▶ _DATASET EXTRACT_
════

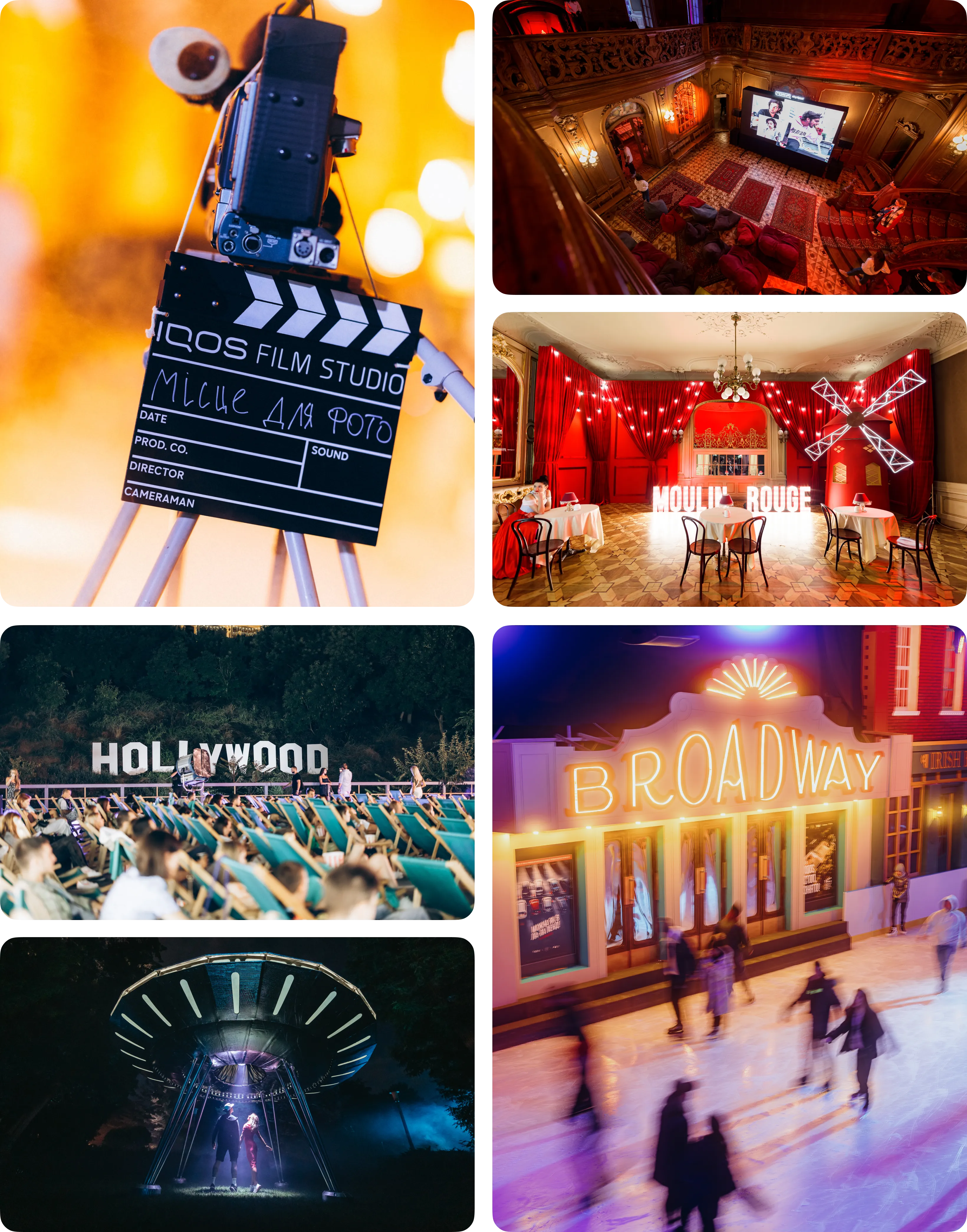 Для чого йти на фестиваль фільмів, якщо можна влаштувати свій власний? Тому у 2021 році пройшов IQOS Film Studio в Одесі. Там був справжній Голлівуд: павільйони, як у фільмах, зйомки, поп-корн та кіно. А ще можна було спуститися сходами, як у будинку Керрі Бредшоу, чи сісти в поліцейську машину, як герой, що не обертається на вибухи.
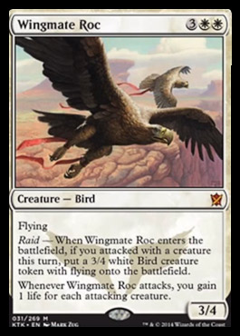 This card screams value. This card will be ideal at the top of an aggressive curve. In a deck with plenty of cheap ways to trigger raid, Wingmate Roc is comparable to a cheaper Broodmate Dragon. Putting two creatures into play for the price of one is card advantage and massive tempo, and I expect this card to bury opponents all Standard season.
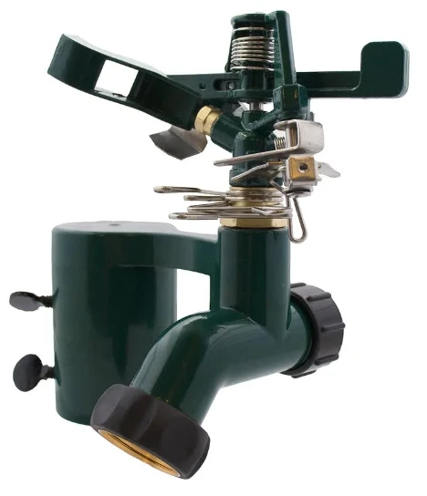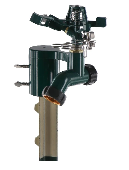 The Orbit zinc impact head provides a long life for an exceptional value. Easily adjust the spray pattern from a partial circle to full coverage with a spray distance of up to 80 feet (5,670 Sq. Ft.) in diameter when set to full circle. Clog resistant flow through base allows multiple sprinklers to be connected together. Angled hose connector allows for easy attachment to standard garden hose. Thumb screw secures base to the post, while allowing easy removal. For use for lawns, gardens, pastures, & more. Zinc head provides a long life for an exceptional value.Â
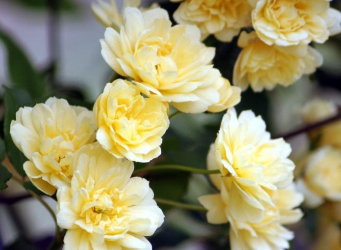 - 黃木香花:這是我最早接觸、也種得最多的品種。單瓣(通常5瓣)或半重瓣的小花朵,顏色是那種暖暖的、帶著點奶油質感的鵝黃色,開起來真的是成千上萬,像瀑布一樣傾瀉下來,壯觀極了!香氣非常經典,就是我們印象中那種濃鬱的甜香,老遠就能聞到。我覺得黃木香花是新手入門的首選,相對強健,開花量驚人,香氣也最為濃鬱飽滿。

════

▶ _TASK TO CARRY OUT_
Only the text of the listing should be returned, exactly and in full; no image goes into the copy.

▶ _RESULT OF THIS EXERCISE_
 Для чого йти на фестиваль фільмів, якщо можна влаштувати свій власний? Тому у 2021 році пройшов IQOS Film Studio в Одесі. Там був справжній Голлівуд: павільйони, як у фільмах, зйомки, поп-корн та кіно. А ще можна було спуститися сходами, як у будинку Керрі Бредшоу, чи сісти в поліцейську машину, як герой, що не обертається на вибухи.
 This card screams value. This card will be ideal at the top of an aggressive curve. In a deck with plenty of cheap ways to trigger raid, Wingmate Roc is comparable to a cheaper Broodmate Dragon. Putting two creatures into play for the price of one is card advantage and massive tempo, and I expect this card to bury opponents all Standard season.
 The Orbit zinc impact head provides a long life for an exceptional value. Easily adjust the spray pattern from a partial circle to full coverage with a spray distance of up to 80 feet (5,670 Sq. Ft.) in diameter when set to full circle. Clog resistant flow through base allows multiple sprinklers to be connected together. Angled hose connector allows for easy attachment to standard garden hose. Thumb screw secures base to the post, while allowing easy removal. For use for lawns, gardens, pastures, & more. Zinc head provides a long life for an exceptional value.Â
 - 黃木香花:這是我最早接觸、也種得最多的品種。單瓣(通常5瓣)或半重瓣的小花朵,顏色是那種暖暖的、帶著點奶油質感的鵝黃色,開起來真的是成千上萬,像瀑布一樣傾瀉下來,壯觀極了!香氣非常經典,就是我們印象中那種濃鬱的甜香,老遠就能聞到。我覺得黃木香花是新手入門的首選,相對強健,開花量驚人,香氣也最為濃鬱飽滿。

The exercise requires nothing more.